___ Record set
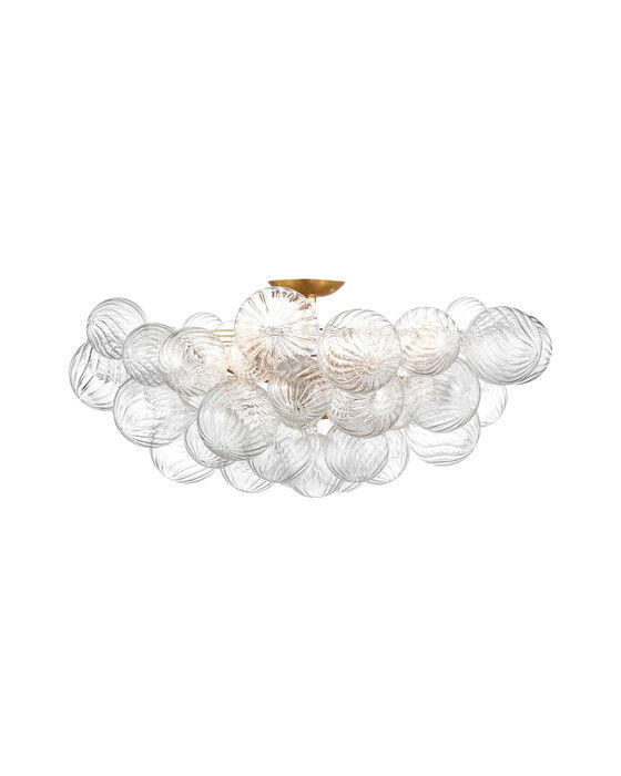 Visual Comforts Talia 38″ plafond guld är en handgjord ljusarmatur designad av Julie Neill. Med sina glasglober fästa vid metallramar skapar denna serie en lekfull och fantasifull effekt som passar in i olika interiörer. Med olika storlekar och konfigurationer finns det en Talia-armatur som kan ge ditt rum en elegant touch av gnistrande glas och blanka metaller.
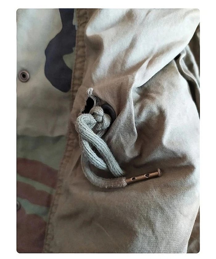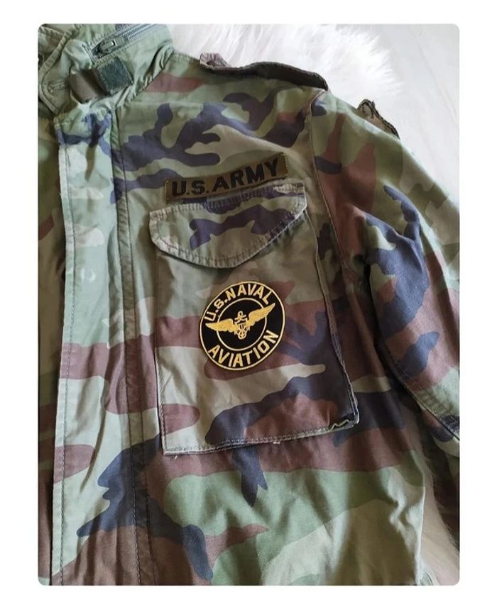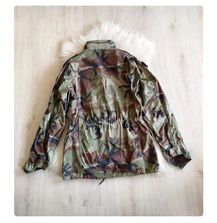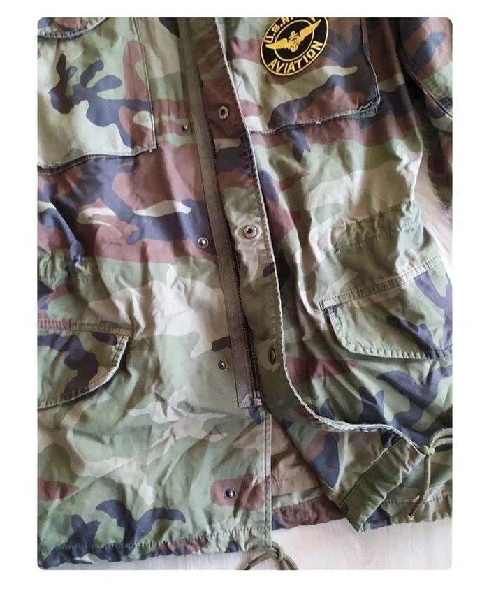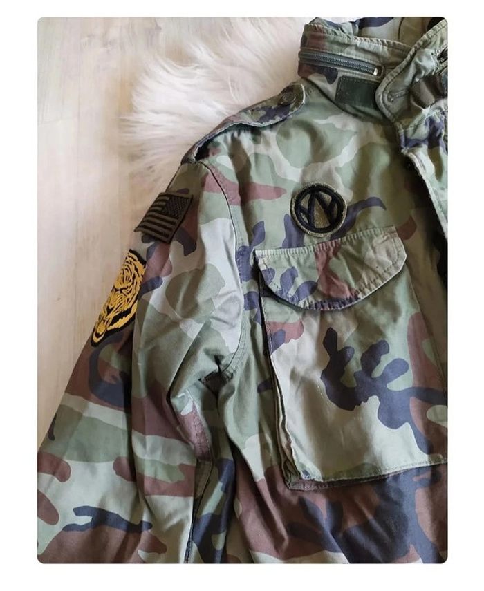 #vklhomme #vklvestes Veste parka militaire US Army imprimé camouflage Correspond à une taille M. En coton, avec fine doublure coton. Customisée avec écussons. Convient pour mi-saison. Largeur épaules à plat 59 cm, aisselles 51 cm. Longueur 79 cm. Le trou d'un des liens de resserrage à l'intérieur de la veste est un peu abîmé, voir avant-dernière photo. 🛒🛒 US Army military parka jacket with camouflage print Militärparka-Jacke der US-Armee mit Tarnmuster
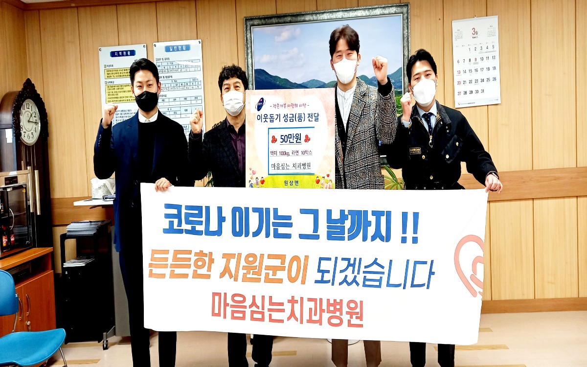 면 관계자는 “따뜻한 나눔을 실천해 주신 마음심는 치과병원에 감사드린다”며 “면에서도 복지사각지대에 있는 이웃을 적극 발굴하고, 도움을 드릴 수 있도록 지속적으로 노력하겠다”고 말했다.
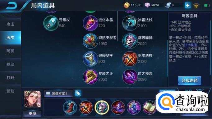 第三件装备出痛苦面具,这是件比较全能的法术装备,加法攻,加冷却缩减,加最大生命值,并且还有一个被动效果,可以弥补杨玉环伤害不够的缺陷。
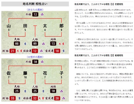 - 「うらなえる」で姓名判断の無料占いが提供されている
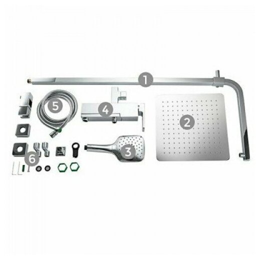 | ВКоробке | Душевая стойка - 1 шт. Верхний душ - 1 шт. Лейка - 1 шт. Шланг - 1 шт. Смеситель - 1 шт. Эксцентрик - 2 шт. Инструкция - 1 шт. |
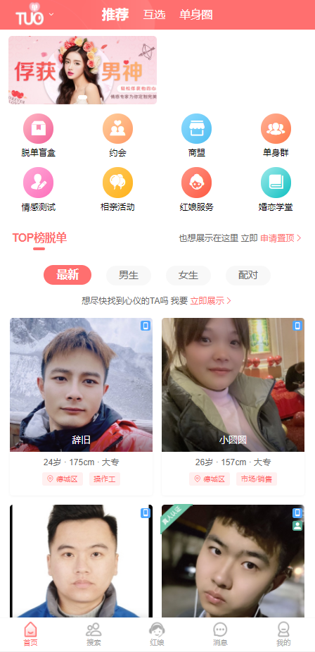 婚戀APP介紹婚戀交友APP主要功能:【異性推薦】精zhun條件搜索,智能雙向匹配,輕松約到稱心如意的對象【精zhun匹配】--根據您的資料,推薦匹配異性【會員豐富】--上億單身男女,在線尋找有緣人【紅娘服務】--您身邊的貼身婚戀專家,相親就靠她【安全可靠】--嚴格身份核查,真人照片,真實資料【免費通話】通過“密號”與心儀異性通話,...
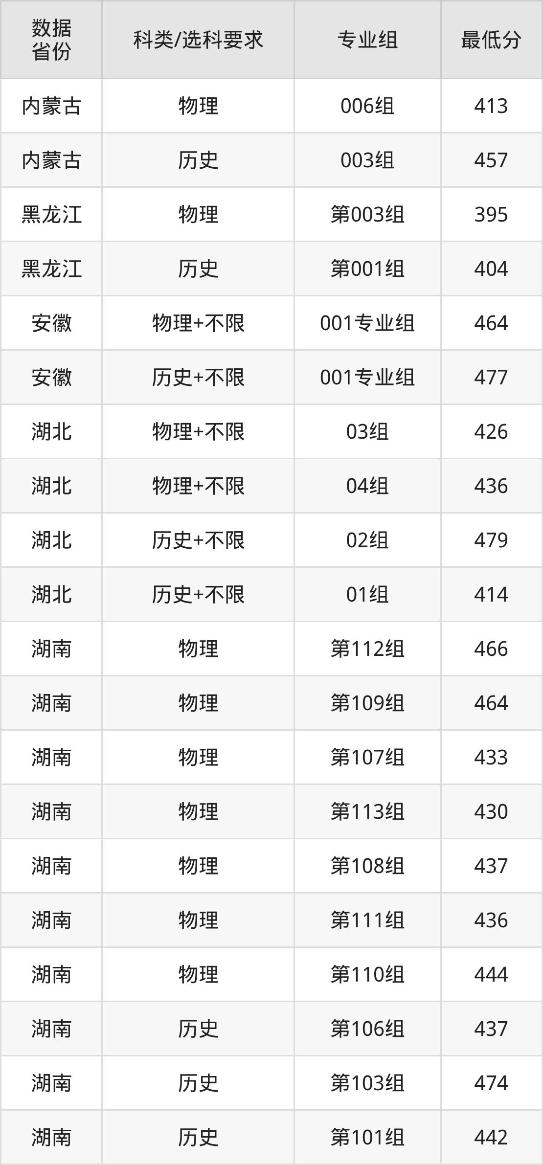 (2)大学专业类地区:最低359分
______
_Work order_
With the pictures left out, restate word for word every line of the data above, from the first down to the line that contains "실천해 주신 마음심는".

_Answer space_
 Visual Comforts Talia 38″ plafond guld är en handgjord ljusarmatur designad av Julie Neill. Med sina glasglober fästa vid metallramar skapar denna serie en lekfull och fantasifull effekt som passar in i olika interiörer. Med olika storlekar och konfigurationer finns det en Talia-armatur som kan ge ditt rum en elegant touch av gnistrande glas och blanka metaller.
 #vklhomme #vklvestes Veste parka militaire US Army imprimé camouflage Correspond à une taille M. En coton, avec fine doublure coton. Customisée avec écussons. Convient pour mi-saison. Largeur épaules à plat 59 cm, aisselles 51 cm. Longueur 79 cm. Le trou d'un des liens de resserrage à l'intérieur de la veste est un peu abîmé, voir avant-dernière photo. 🛒🛒 US Army military parka jacket with camouflage print Militärparka-Jacke der US-Armee mit Tarnmuster
 면 관계자는 “따뜻한 나눔을 실천해 주신 마음심는 치과병원에 감사드린다”며 “면에서도 복지사각지대에 있는 이웃을 적극 발굴하고, 도움을 드릴 수 있도록 지속적으로 노력하겠다”고 말했다.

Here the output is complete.